Size of a water bottle, charges USB gadgets while cooking food, not just a water boiler.

Its a nighttime alternative to solar when there's not much to do but sit around and stay warm, charge batteries, send emails etc its got some possibilities.

http://www.biolitestove.com/CampStove.html

http://vimeo.com/32822376


healyje

Trad climber
Portland, Oregon
Dec 3, 2011 - 03:35am PT
Thanks for the BioLite Stove link - now that is some inspirational thinking (not so much the camp , but rather the home version).
corniss chopper

climber
breaking the speed of gravity
Dec 3, 2011 - 02:38pm PT

grover

climber
Dabville. Gnarlandia
Dec 4, 2011 - 12:04am PT

Wonder what the unit would weigh without the ipood charger?
Dingus McGee

Social climber
Laramie
Dec 4, 2011 - 09:12am PT
When extended climbing trips requires charging your Makita 18v lithium batteries for your cordless rotary hammer these chargers so far discussed and reviewed are under powdered and very high priced.

You can often build you own charger/controller much cheaper by shopping the site Chris mentioned(affordable-solar) , Amazon, and ebay. Batteries(gel(off-raod) or sealed (motorcycle)if you are packing these) are sometimes just as cheaper locally--maybe due to shipping.
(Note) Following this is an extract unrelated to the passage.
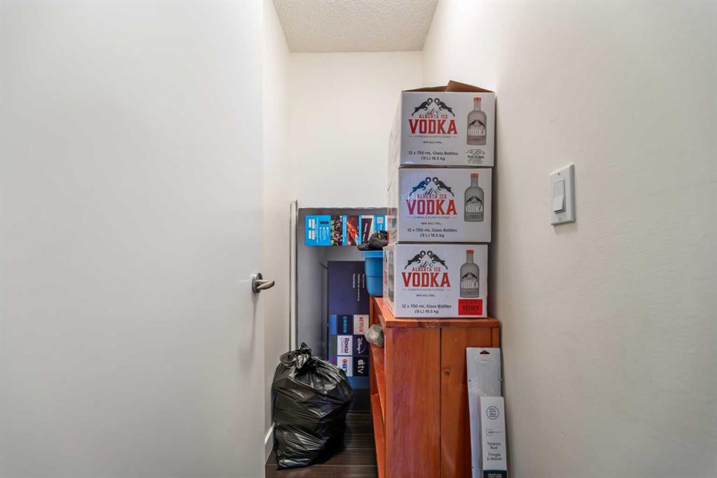 Features include. Black appliances, granite counter tops, shaker style espresso maple cabinets, engineered hardwood flooring with carpeting the bedroom, in-suite laundry ,in-suite storage,. Balcony off living room with west exposure. Call your Realtor to show.

For the inverter shop ebay and search for "pure sine wave inverter".

The very cheap solar controllers ($10.00 ebay from China) are likely not to take very good care of you battery in the long run but they are adequate for a week or so. Steka ($)and Morningstar ($$$) are outstanding controllers for taking care of your batteries and have other safety features.

Sometimes you can find a way to skip the inverter/120v powered charger step and get a DC charger that overall will use about 50% of the energy you would use by going AC route. Makita makes a 12v (cigarette plug) charger for charging their 18v lithium batteries. Using this DC charger saves about 50% on the energy requirements.
corniss chopper

climber
breaking the speed of gravity
Jan 25, 2012 - 07:00pm PT
Here's a sort of competitor from Japan to the U.S. Biolite stove. Its a cooking pot with the thermoelectric generator built into it for USB charging of devices.
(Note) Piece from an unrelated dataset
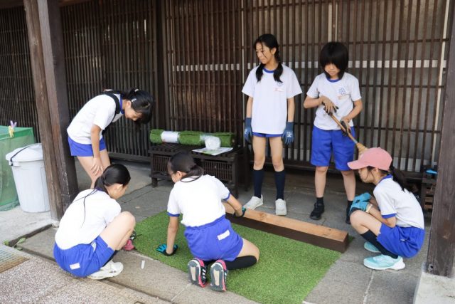 「竹とうろうを置くところを作りました。地面に人工しばをしきました。かくざいのところも人工しばをうってつけました。しばをしくとき、地面がきたなかったので小林さんにそうじセットをかりてきれいにしました。すると他にもきたないところがあってとまらなくなってきました。今度いく時はそうじもしたいです。」

Video shoes it charging an iPhone from dead to working state.

Voltage/current meter shows whats going on: approx 1/2 amp at 5volts

Pretty slick.

http://www.youtube.com/watch?v=UDTBXydMbjc


Batrock

Trad climber
Burbank
Dec 1, 2012 - 11:51pm PT
Update:

I have had the Goal Zero Extreme Base Camp set up for about 8 months now, it includes 2 of the large power packs, two inverters and 4 Boulder 30 solar panels and four Lite-a-Life lites. I used it for a week on Lake Powell to run laptops, charge cameras and phones etc.. One power pack fully charged will run a laptop and charge iPads and phones with ease with plenty of juice to spare. Plugged into the 4 solar panels during the day the power pack charges in 3-4 hours in full sunlight. This set up is for car/boat camping only as the power packs and solar panels are big and heavy. It's a stout set up and have no complaints so far.